A week from today I will be back in
Haiti. This will be my second trip to a place I never imagined I
would go the first time. I am going to be visiting some future
partners for our Haiti Water Project and check in on some water
systems we previously installed. I can't lie...getting ready for this
trip has been really stressful. It has been stressful because I got
distracted and almost forgot why I am going. I tried to blame this
nagging feeling of being comfortable and semi-detached on everything
but what it was. I temporarily forgot that I am being given an
opportunity to go to a place that needs what I can bring...and it's
not necessarily clean water. It's hope...It's the hope we have in
Christ... to provide for...to love...to redeem...and to restore us. I
feel sad that it's so easy for me to lose sight of that sometimes.

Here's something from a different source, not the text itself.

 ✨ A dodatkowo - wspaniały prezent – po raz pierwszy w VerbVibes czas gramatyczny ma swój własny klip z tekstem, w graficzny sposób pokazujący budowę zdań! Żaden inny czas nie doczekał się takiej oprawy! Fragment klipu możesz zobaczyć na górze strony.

It's so easy to be distracted by things that are inconsequential and
limited in scope in our lives. We have this interesting thing about
going back to places that have done something to us...impacted
us...wrecked us in some way. There is this primal pull...this urge
that speaks to our soul. I have this theory that we are looking for
something we lost...something left behind and in returning we hope to
find. Whether joy...peace...innocence...hope or even faith, there is
something we seek. My wife says, for her, that place is the
ocean...any ocean. Something speaks to her very deeply there and
something happens. Of course, we know that “something” is God.
There is a transformation and renewal of spirit. For me my place is
an unlikely place...a place of profound stereotypes of poverty and
where injustices are carved deeply into their national identity and
psyches...that place is Haiti. Mother
Teresa once said, “When
I look into the eyes of the poor I have an eerie feeling that Jesus
is staring right back at me.”
Jesus himself stated that when we are with the poor we are with him.

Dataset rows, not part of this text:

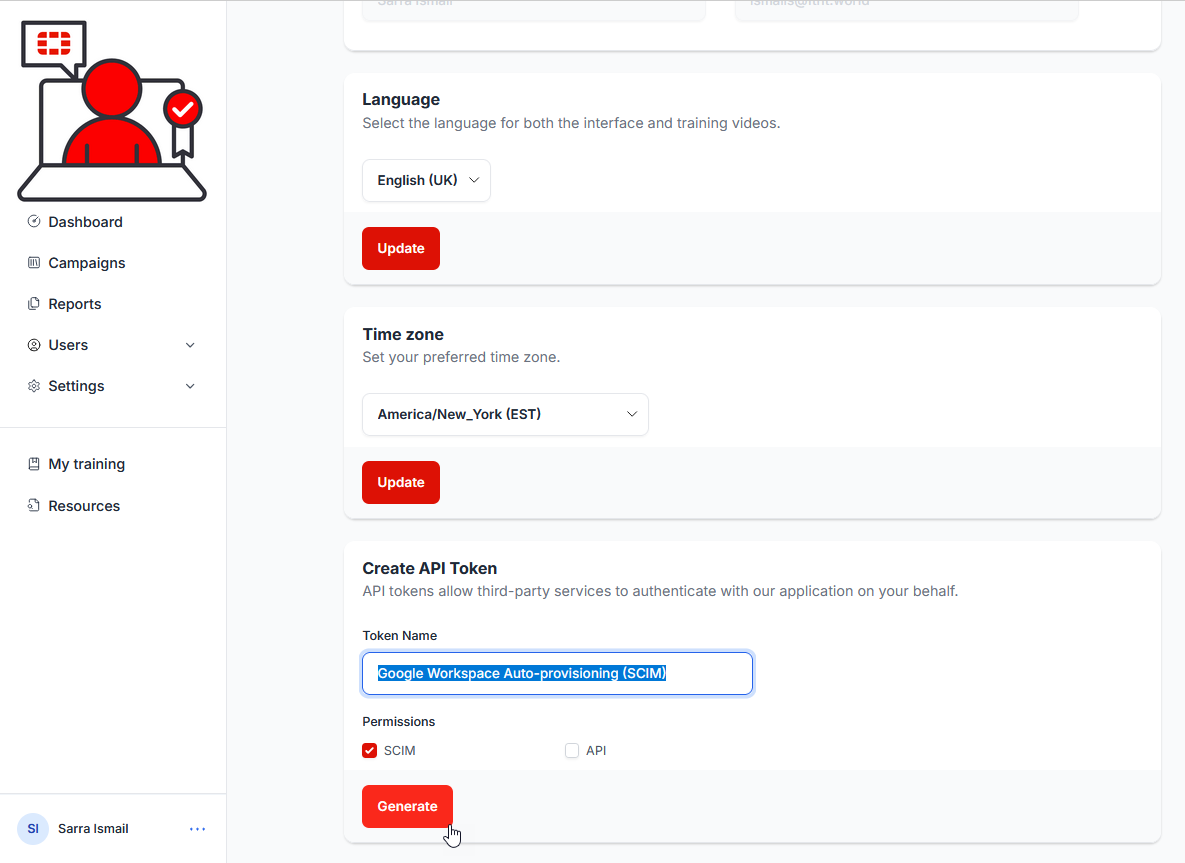 13) In the Create API Token section, give the token a meaningful name (e.g. Google Workspace auto-provisioning (SCIM)), ensure that the SCIM permission checkbox is checked, and select the Generate button:
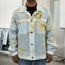 Yellow And White Checkered Pattern Print Men's Shirt Jacket
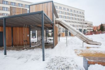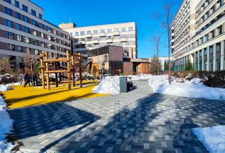 Одна из ключевых особенностей квартала — рекреационная зона в хвойном лесу:

That certainly is true in Haiti. I both feel and see that played out
everywhere I look while there. Honestly, it rattles my cage. It
rattles that cage that many of us live in...have put ourselves in.
That cage is not only a metaphor for our comfortable minimal risk
lives but for our churches. The purpose of a cage is to protect what
is outside of it as much as what is inside. We become comfortable and
secure knowing there is minimal risk and danger both in our lives and
churches. Oswald Chambers wrote,
“Let
the attitude of your life be a continual willingness to "go out"
in dependence upon God, and your life will have a sacred and
inexpressible charm about it that is very satisfying to Jesus. You
must learn to "go out" through your convictions, creeds, or
experiences until you come to the point in your faith where there is
nothing between yourself and God.”
Clearly,
we know God is calling us to “go out”...but we resist.
It's just so easy to just slip back into living a vanilla,
homogenized, and gluten free life. I feel pretty safe in saying that
really isn't what Jesus is calling us to. To
really follow Jesus is to live dangerously because it involves really
loving people, and often times those that are not like us...sometimes
very different. If we truly care and want to be agents of
transformation, we must be willing to boldly take the risk of loving
others despite the possibility that it will be difficult, frustrating
and tiring. I need to be reminded of that sometimes...I need to be
reawakened. How does Jesus do that ? He shakes us. How does He shake
us ? He calls to come out of the cage...our self-imposed prisons and
go to risky places and love and serve those in need. In Matthew 25:
35-40, Jesus said,
'For
I was hungry and you gave me something to eat, I was thirsty and you
gave me something to drink, I was a stranger and you invited me in, I
needed clothes and you clothed me, I was sick and you looked after
me, I was in prison and you came to visit me.’
“Then
the righteous will answer him, ‘Lord, when did we see you hungry
and feed you, or thirsty and give you something to drink? When did we
see you a stranger and invite you in, or needing clothes and clothe
you? When did we see you sick or in prison and go to visit you?’“The King will reply, ‘Truly I tell you, whatever you did for one of the least of these brothers and sisters of mine, you did for me.’
To
just stand and be present among both the physical brokenness and the
brokenness of others lives in Haiti is a reminder of what truly
matters. I don't really know about anyone else, but that reminder
couldn't have come at a better time for me.